July 29, 2015
The American Bankruptcy Institute Commission to Study the Reform of Chapter 11 released its long-awaited, much-anticipated Final Report and Recommendations on December 8, 2014. Since the release of the Report, the Weil Bankruptcy Blog provided our readers with summaries of the most interesting and important issues addressed in the Report.
The ABI Commission was established in recognition of the “general consensus among restructuring professionals” that the time has come to evaluate U.S. business reorganization laws as a result of numerous changes that have occurred since the Bankruptcy Code was enacted in 1978. Some of the changes cited by the ABI Commission include the following:
- more complex corporate structures, with more leverage and, in particular, secured debt;
- companies’ asset values driven less by hard assets and more by services, contracts, intellectual property, and other intangible assets;
- greater prevalence of multinational operations; and
- changed composition of creditor classes in light of claims trading and derivative products.
The Commissioners, composed of some of the most prominent insolvency and restructuring professionals in the United States, undertook a three-year process that involved numerous meetings, the establishment of advisory committees, public field hearings, and substantial deliberations.
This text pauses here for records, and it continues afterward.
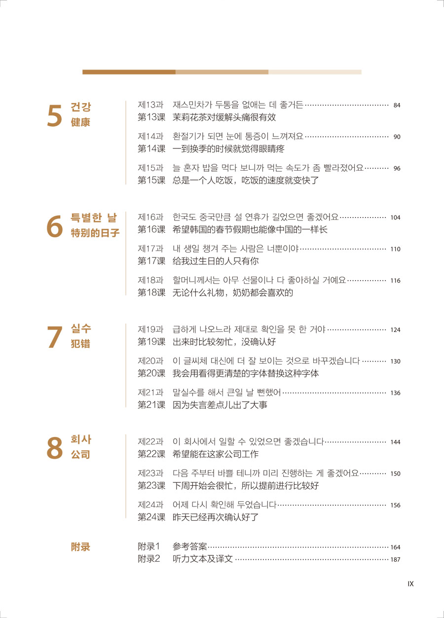 《新标准韩国语新版中级上练习册》是《新标准韩国语新版中级上》的辅助教材,由八个单元构成。每个单元包括三课,每课均由词汇和句型练习、语法练习和综合练习构成。词汇和句型练习部分包括单词分类、填空、连线等题型,学习者可以通过做题在各种语境中明确词汇和句型的含义和用法,做到举一反三。语法练习部分按照主教材的语法条目进行练习,考查学习者对重点语法的掌握情况,达到复习和深化学习的目的。综合练习部分包括听力、阅读和写作三种题型,全面考查学习者对主教材内容的掌握情况。学习者通过做丰富的练习题可以有效巩固在主教材中学到的内容,并进行整理和总结,在多样化的语境中强化重点词汇和语法的训练,提高语言的实际应用能力。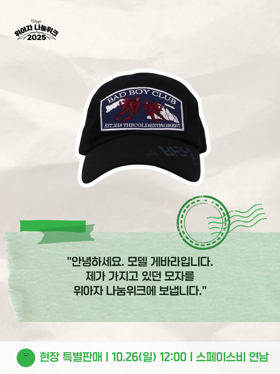 JTBC 예능 '뭉쳐야 찬다4'에 출연 중인 모델 게바라가 개인 소장하고 있던 모자를 위아자 나눔위크에 기증했습니다.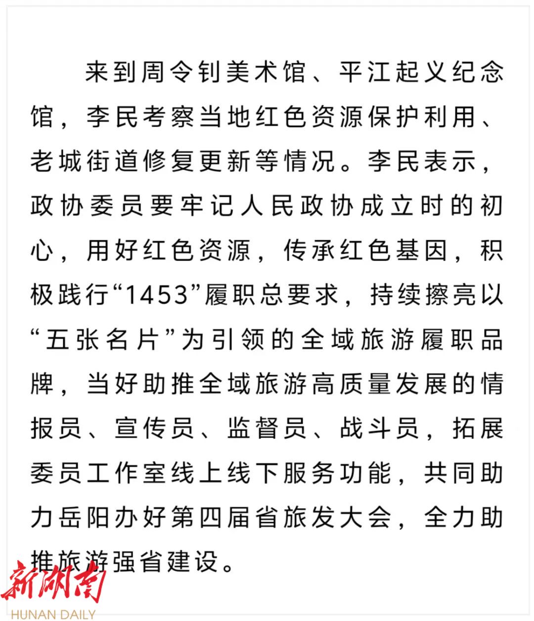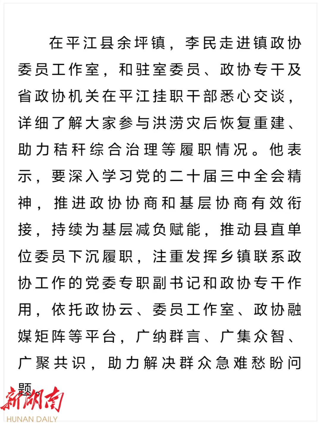 调研期间,李民还来到平江县政协机关、天岳街道政协委员工作室、湖南华电平江电厂等地,听取有关意见建议。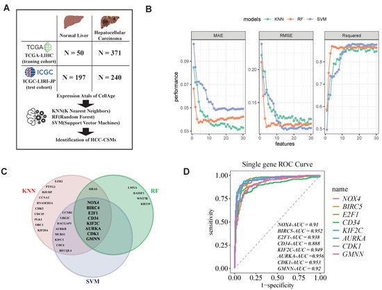 To discern key feature genes distinguishing HCC from normal tissue, we employed three machine learning algorithms, namely KNN, RF, and SVM by the R packages “e1071” (1.7.14), “kernlab” (0.9.32), and “caret” (6.0.94), alongside a feature selection algorithm [93,94,95]. Variable selection was carried out using 10-fold cross-validation, and the models were assessed using MSE, RMSE, and Rsquared. The common feature genes identified by the three machine learning algorithms were termed HCC-CSMs. Subsequently, we computed the AUC values for the selected feature genes using the ICGC-LIRI-JP (N = 437) and GSE214846 (N = 130) datasets to evaluate their classification performance.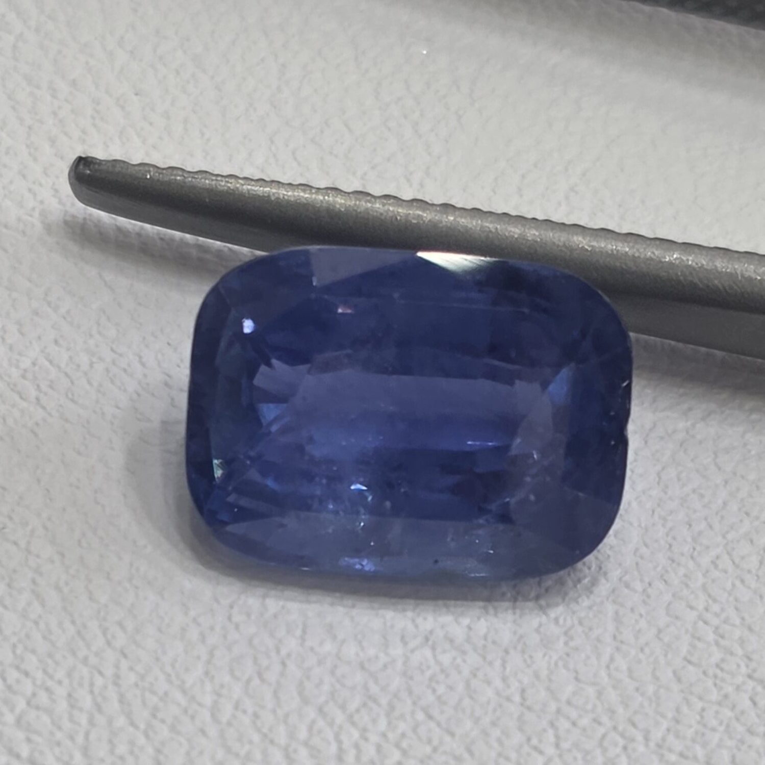 This natural unheated Blue Sapphire (Neelam) from Mozambique features a classic cushion cut, enhancing its deep blue color and natural brilliance. With an impressive weight of 7.72 carats, this gemstone is completely untreated, preserving its original beauty and rarity.

According to the ABI Commission, no topics were off-limits, and a substantial reevaluation of the Bankruptcy Code was not only permitted, but encouraged. After the various advisory committees submitted comprehensive proposals based upon two years of research, analysis, and discussion, the ABI Commission prepared what is, in effect, a magnum opus directed to the industry and to Congress in support of meaningful reform of the current Bankruptcy Code. Notably, in proposing reforms to chapter 11 of the Bankruptcy Code, the ABI Commission necessarily included substantial analysis of, and proposals for, the other chapters of the Bankruptcy Code, insofar as they bear a material effect on the chapter 11 process.
Although the Report itself did not effect any specific changes to the Bankruptcy Code, only time will tell what, if any, action will be taken by Congress in response to this carefully crafted report.
Around the same time as the release of the Report, with the sudden downturn in oil and gas prices in the fourth quarter of 2014 and first quarter of 2015, the restructuring world (and the Weil Bankruptcy Blog) turned their eyes towards a sector that had experienced unprecedented stability for nearly half a decade. The Weil Bankruptcy Blog responded with a series of posts, titled “Drilling Down,” intended to help restructuring professionals better understand the unique challenges that arise when oil and gas law meets bankruptcy law. The four-part series provided an industry overview, discussed how specific oil and gas interests were treated in bankruptcy, considered the ability to assume or reject oil and gas leases under section 365 of the Bankruptcy Code, and looked at the unusual issues surrounding oil and gas leases on the Outer Continental Shelf.